Here's a couple of my keepers from that surprise day with the 60D. The first one is f4, 1/100, at 105mm, and the second, f4, 1/100, at 50mm. Needless to say, I had to do some noise removal and slight lighting adjustments in post processing.


----------



## Derrel (Apr 19, 2014)

You'll want a FAST-focusing lens, and the 50 1.2-L and 85 1.2-L lenses are not really know as "fast-focusers"...they have a lot of big, heavy glass to move, and on both lenses focusing precision and accuracy are the biggest issues that Canon made sure they got dialed in right, because many people will shoot those lenses wide-open at f/1.2, where the depth of field is realllllly thin. 

The 50/1.4 and 85/1.8 EF are fast focusing lenses, with more-normal weight, and MUCH smaller lens groups that the AF motor has to move back and forth to achieve spot-on focus. I would go with the standard 50mm f/1.4 and 85mm f/1.8 lenses. And remember...many times the performers are actually "lighted", by more light than the camera's averaging meter will "see", due to so much black background behind them, which is not lighted by spots or even floods. I used to own the 50mm f/1.8 Canon, and on my 5D and 20D, it was NOT a very snappy focusing lens in challenging lighting, so I gave it to my wife's nephew when he went off to art school in Seattle to study photography, and I bought the 50/1.4 EF instead, and was much happier with its performance, especially in its sureness and speed in focusing.

YOU CAN SHOOT THIS CONCERT!


----------



## elizpage (Apr 20, 2014)

Derrel said:


> You'll want a FAST-focusing lens, and the 50 1.2-L and 85 1.2-L lenses are not really know as "fast-focusers"...they have a lot of big, heavy glass to move, and on both lenses focusing precision and accuracy are the biggest issues that Canon made sure they got dialed in right, because many people will shoot those lenses wide-open at f/1.2, where the depth of field is realllllly thin.
> 
> The 50/1.4 and 85/1.8 EF are fast focusing lenses, with more-normal weight, and MUCH smaller lens groups that the AF motor has to move back and forth to achieve spot-on focus. I would go with the standard 50mm f/1.4 and 85mm f/1.8 lenses. And remember...many times the performers are actually "lighted", by more light than the camera's averaging meter will "see", due to so much black background behind them, which is not lighted by spots or even floods. I used to own the 50mm f/1.8 Canon, and on my 5D and 20D, it was NOT a very snappy focusing lens in challenging lighting, so I gave it to my wife's nephew when he went off to art school in Seattle to study photography, and I bought the 50/1.4 EF instead, and was much happier with its performance, especially in its sureness and speed in focusing.
> 
> YOU CAN SHOOT THIS CONCERT!



Thanks.
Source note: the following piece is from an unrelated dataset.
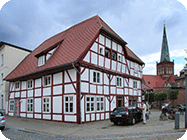 Benedix-Haus am Markt, zählt zu den ältesten Fachwerkhäusern der Insel Rügen, beherbergt seit der Restaurierung im Jahr 2000 das Standesamt und die Touristeninformation.
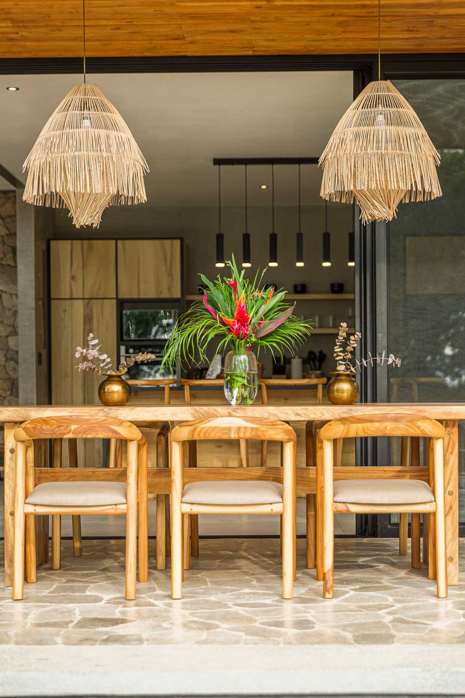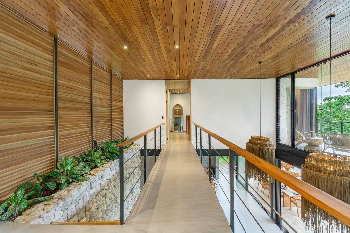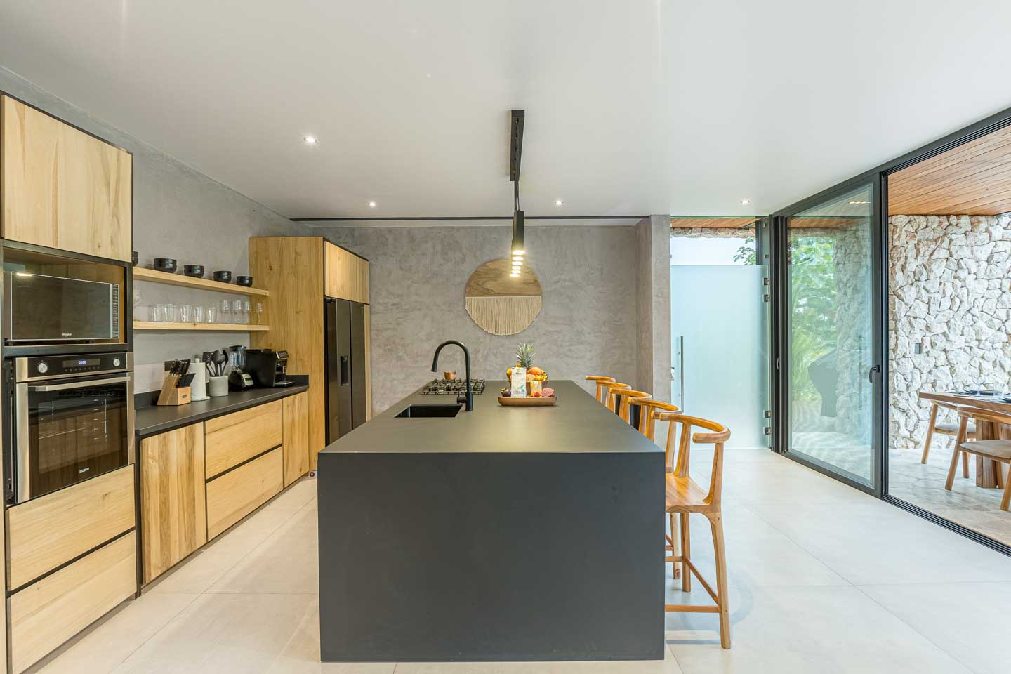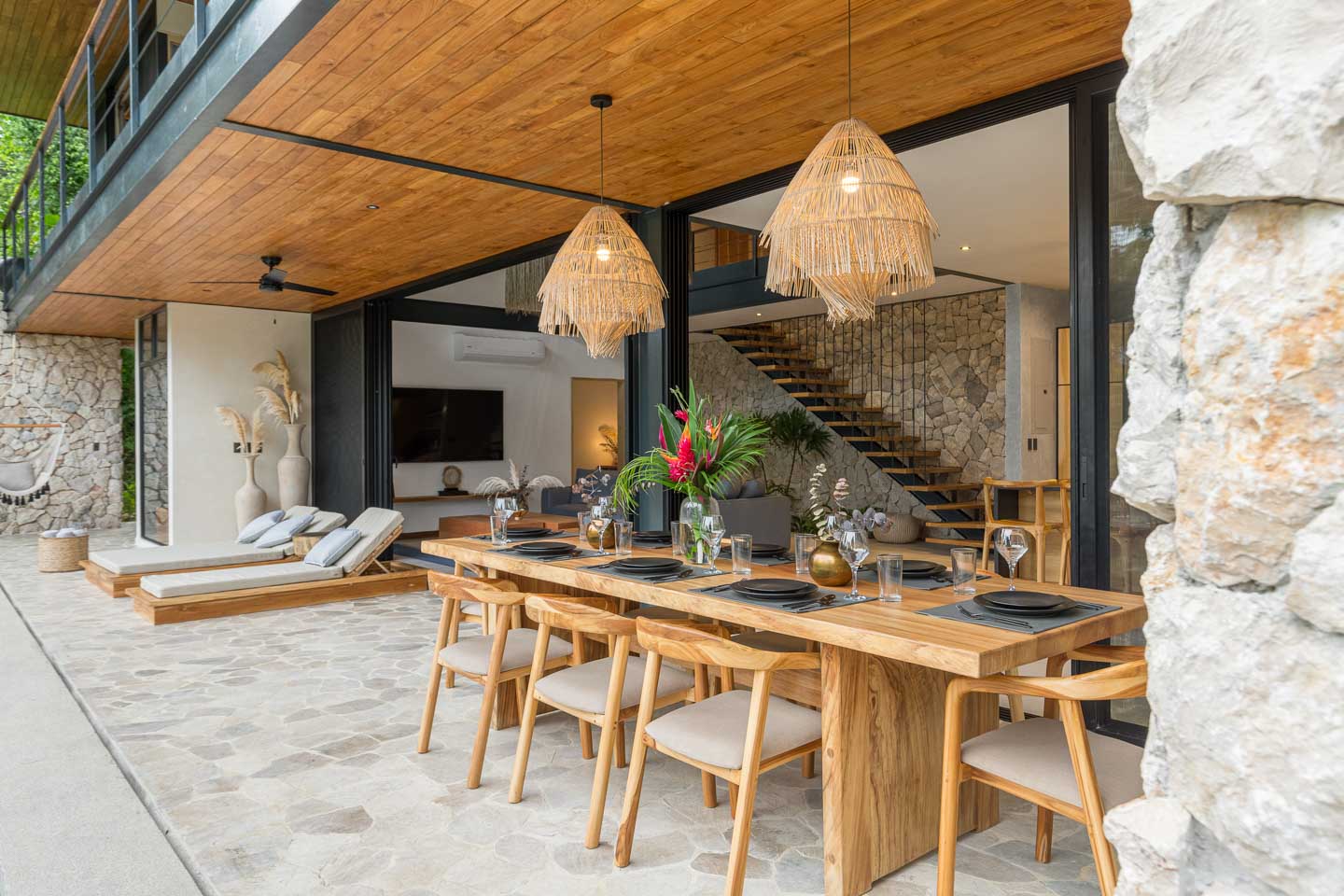 - Materiales naturales como concreto pulido y piedra, con integración perfecta entre espacios interiores y exteriores.

I need something that is really fast at focusing, I was just about to spend more money than I needed to on renting the 85mm f/1.2L as well.. so thanks for the help! I have the 50mm f/1.8 and I'm not happy with the speed in focusing. the 1.4 I might get better results out of. 

So I think I'll go with the 85mm f/1.8.. It's about $30 cheaper than renting the 85 f/1.2


----------



## BenT (Apr 23, 2014)

I use a tamron 17-50mm f2.8 and it works for me at an ISO of 800.

IMO, I would go for a lens that give you the ability to zoom in/out a bit. Cause with a 85 mm on a concert you'll have to adjust your standing place to either have a full body or portrait photo. 
 And for example with my tamron lens I can take a full body or a portrait from the same place. it's usefull if you are on a crowded concert.

But the quality of your images depends a lot on the lights on the show, the more light the lower you can put your ISO, the faster your shutter speed and off course your aperture as low as possible. In my case f2.8


----------